Friday, March 19, 2004
Homo For The Holidays
I've just discovered I've a whopping twenty-three days of holiday left, all of which has to be used by the end of August if I don't want to wave goodbye to them. Unfortunately, they can't be taken all at once, otherwise I'd be flying down to Rio before you could say "her name was Lola", and instead must enjoy them in bite-sized chunks. Still, with some crafty playing around with bank holidays, this works out at about one full week off for the next five months.
Friends are urging me to take some time out for sun, sea, sand, and several other things starting with "s". I need a few away-gays, they say, and a bit of relaxation might even help me get back my looks again. They've slipped a couple of brochures my way, each one bulging with images of buffed-up benders, suntans from Boot's, teeth from Photoshop, and not a Bacardi-breezered brain cell in sight. I trip over enough of this sort at chucking-out time on Old Compton Street already, thank you very much. An enforced week in that kind of company would be enough to make me consider electroconvulsive therapy as actually not such a bad idea, after all.
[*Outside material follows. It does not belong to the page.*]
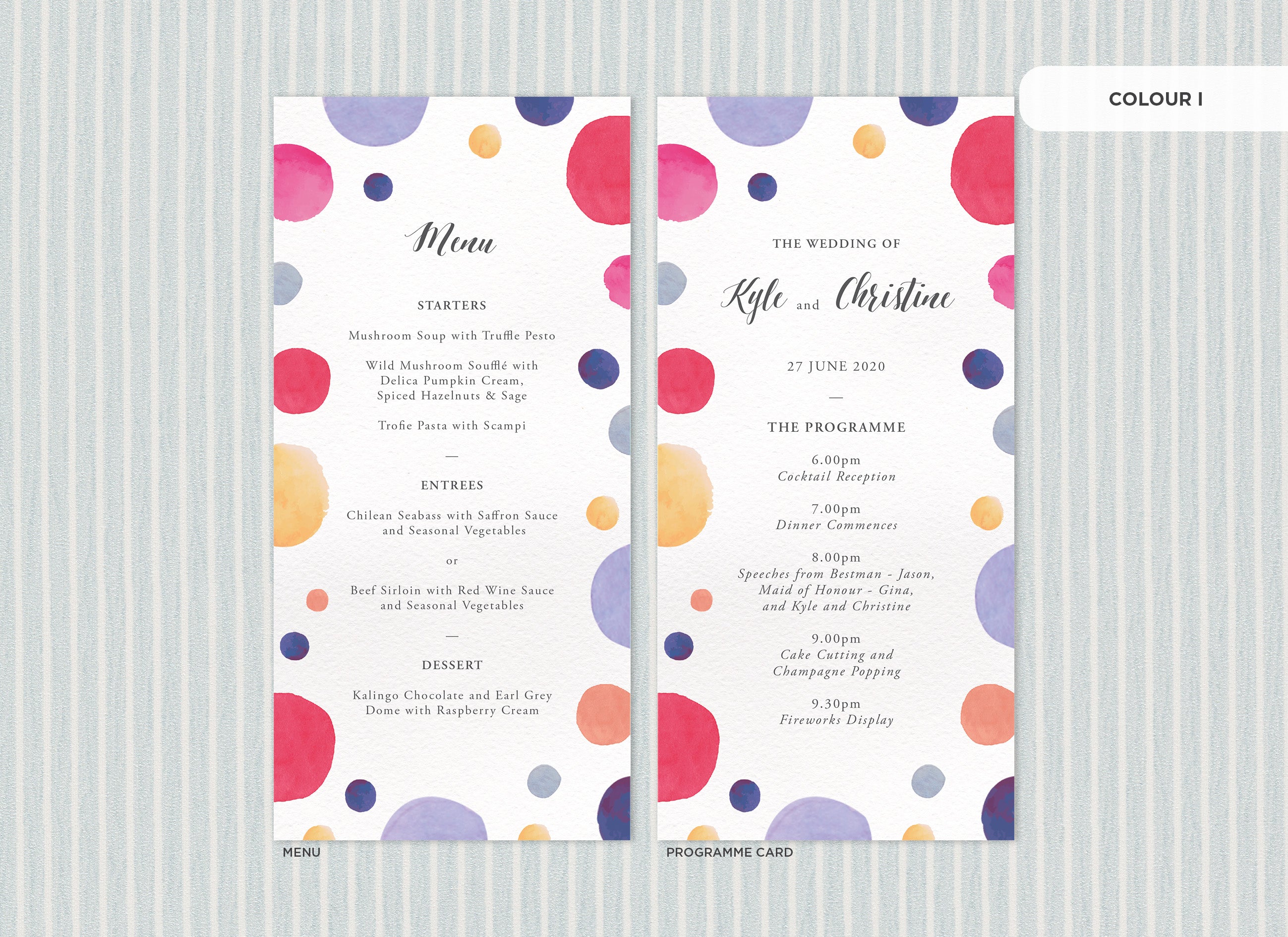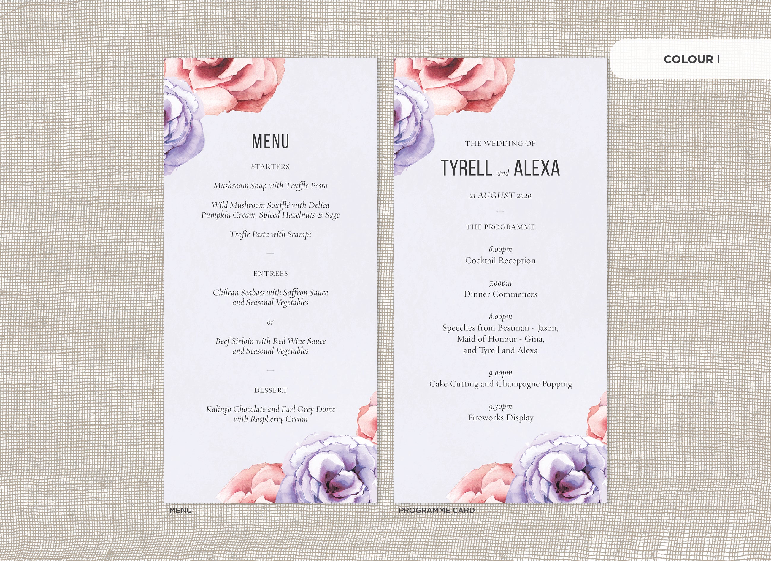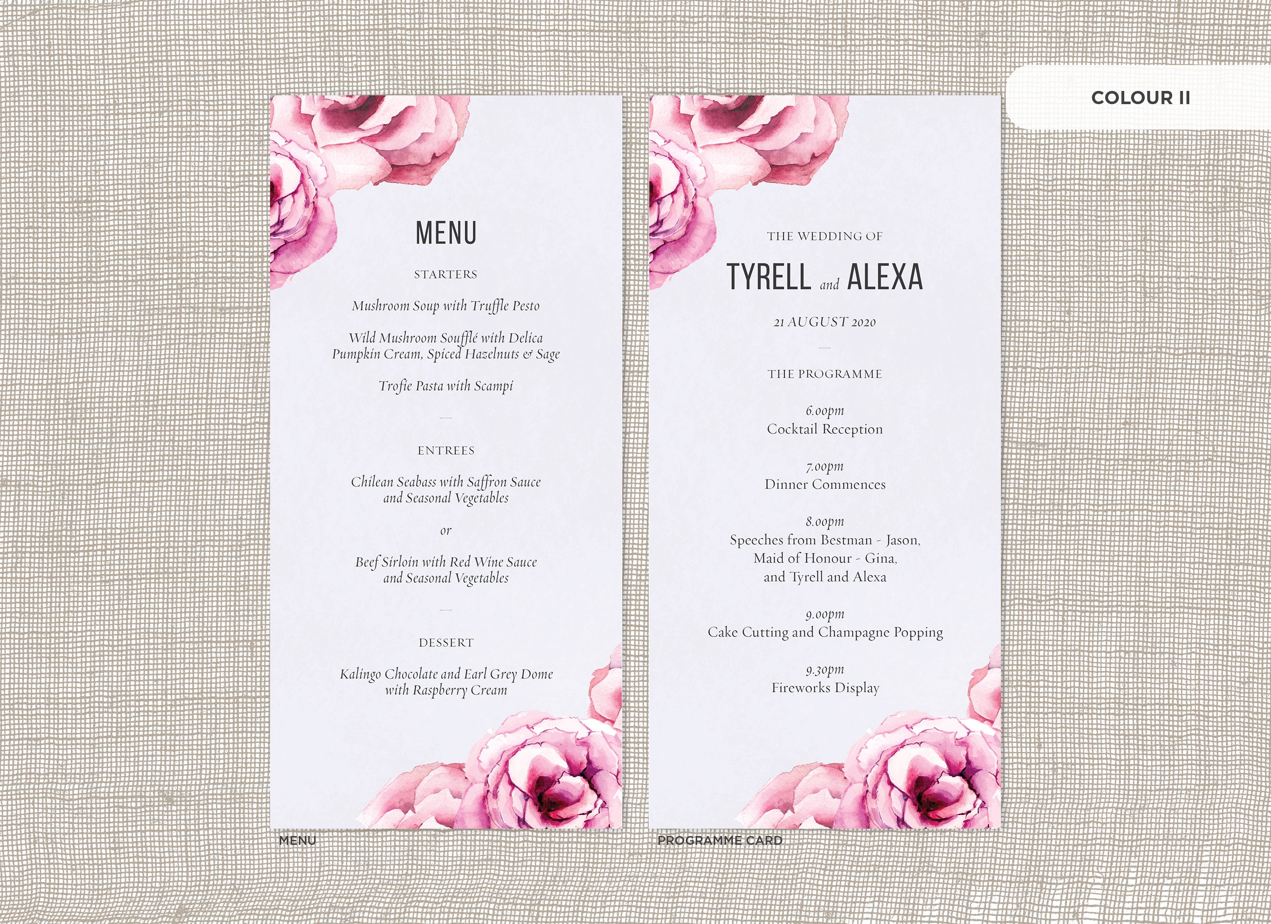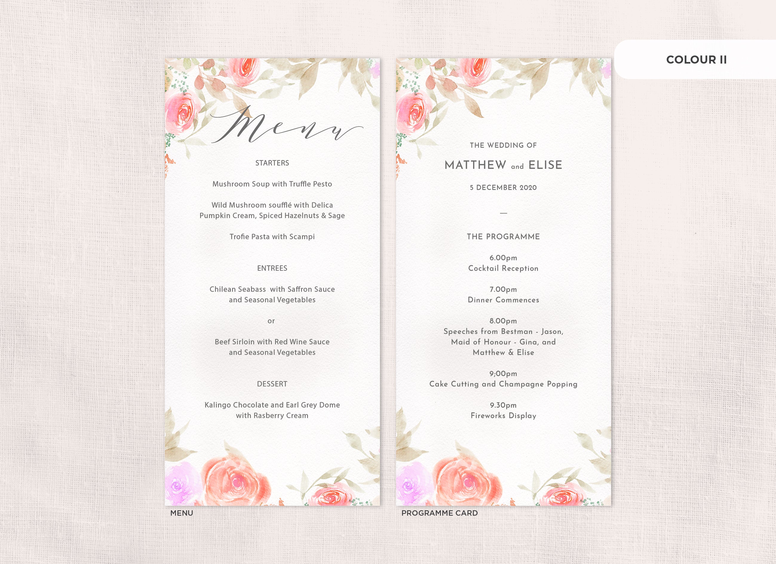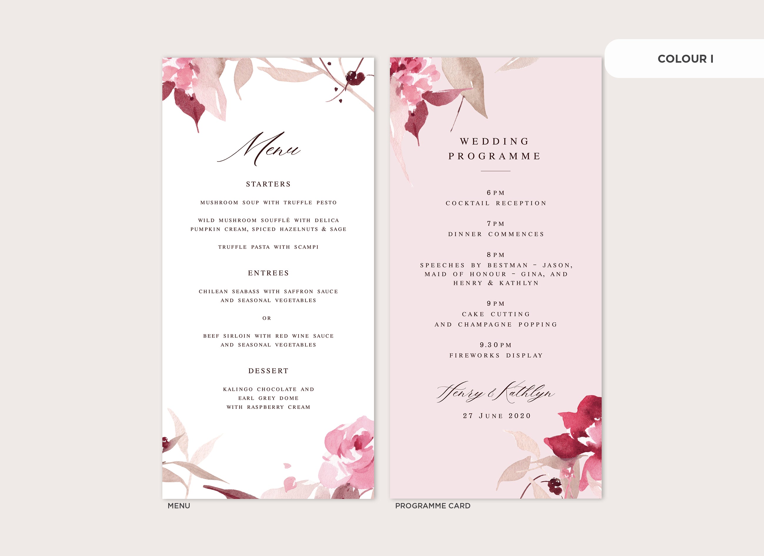 It's the little things that count! Accessorise your wedding day with matching Menu or Programme cards to your invitations.

It’s why I hate the whole concept of the "gay" holiday and would rather die than go to Ibiza, or Mykonos, or any of the other supposedly homo hot-spots. For I'm a maturing Mary, secure in my individuality, confident in my nelliness, and I don't want, or need, to pay more pink pounds than is proper to fly out for a week in Poofters' Paradise, What's the point, as all you're going to do is bump into Wayne from last week down the pub and bitch about Jase anyway? And besides, a shag is a shag is a shag, even when it's foreign and talks with a funny accent.
(Although the thought of tripping over to Amsterdam to settle a few scores is unusually attractive, but for all of the wrong reasons. There's the bottom of a particularly murky canal with which I'd just love someone over there to get much better acquainted. And no, I am not a bitter and vengeful old queen. Well, not usually.)
Oh, bugger it, who do I think I'm kidding? It'll be Berlin, beer and boyz, won't it? I am nothing if not predictable.